Bob Chapek, who ran Disney for just two years, will pocket a reported $20 million in severance for a largely lackluster performance as CEO.

If there’s a more generous welfare program in America, I don’t know what it is.

One of the record holders in this regard is former WeWork CEO Adam Neumann, who received about $445 million to stop running the company.

By that measure, Chapek’s get-outta-town deal is pretty much par for the course.

But it highlights the lunacy of corporate boards agreeing in advance to lavishly reward CEOs for failure.

Chapek received total compensation of $32.5 million in 2021 after taking the big chair in the Mouse House.

Last year he received about $24 million.

And now, after being elbowed aside by his predecessor, Bob Iger, Chapek will get another $20 million — or more, depending on Disney’s stock performance.

The company’s board said in a proxy filing that Chapek “was no longer the right person to serve in the CEO role.”

But here’s millions of dollars for your trouble, dude.

CEO pay is completely out of whack. Average compensation for the top dog has skyrocketed by nearly 1,500% since 1978, according to the Economic Policy Institute.

As of 2021, the organization found, the average CEO of a large company received compensation of $27.8 million.

That’s about 400 times the pay of a typical worker.

Maybe (but probably not) such generosity is warranted if a company is doing fabulously well. Yet when a business stumbles, and when the CEO is handed his hat, that’s clearly a different matter.

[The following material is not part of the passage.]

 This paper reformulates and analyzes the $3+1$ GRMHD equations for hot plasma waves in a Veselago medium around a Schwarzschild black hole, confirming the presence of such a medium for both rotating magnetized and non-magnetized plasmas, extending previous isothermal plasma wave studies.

If you screw up on the job, you’ll likely be shown the door with no additional goodies to sweeten your departure.

But top execs, like movie stars, have their contracts negotiated by agents and lawyers, and a fat severance package is routinely included in most deals.

This is, of course, ludicrous — for other employees as well as for shareholders.

The thinking is that companies can’t attract the best leaders without such contract provisions. But that just bows to greed.

The standard should be that a business can reward its CEO as ridiculously as it pleases so long as the profits are rolling in and shareholders are happy.

But when a CEO proves no match for his or her responsibilities, that should be that.

Showering money on such folk is financially foolish and terrible for corporate morale.

“The significant developments and change in the broader macroeconomic environment over this period informed how the board viewed the appropriate leader in light of the rapidly evolving industry and market dynamics,” Disney’s board said of Chapek’s ouster.

His goofy severance shows that the industry isn’t evolving much at all.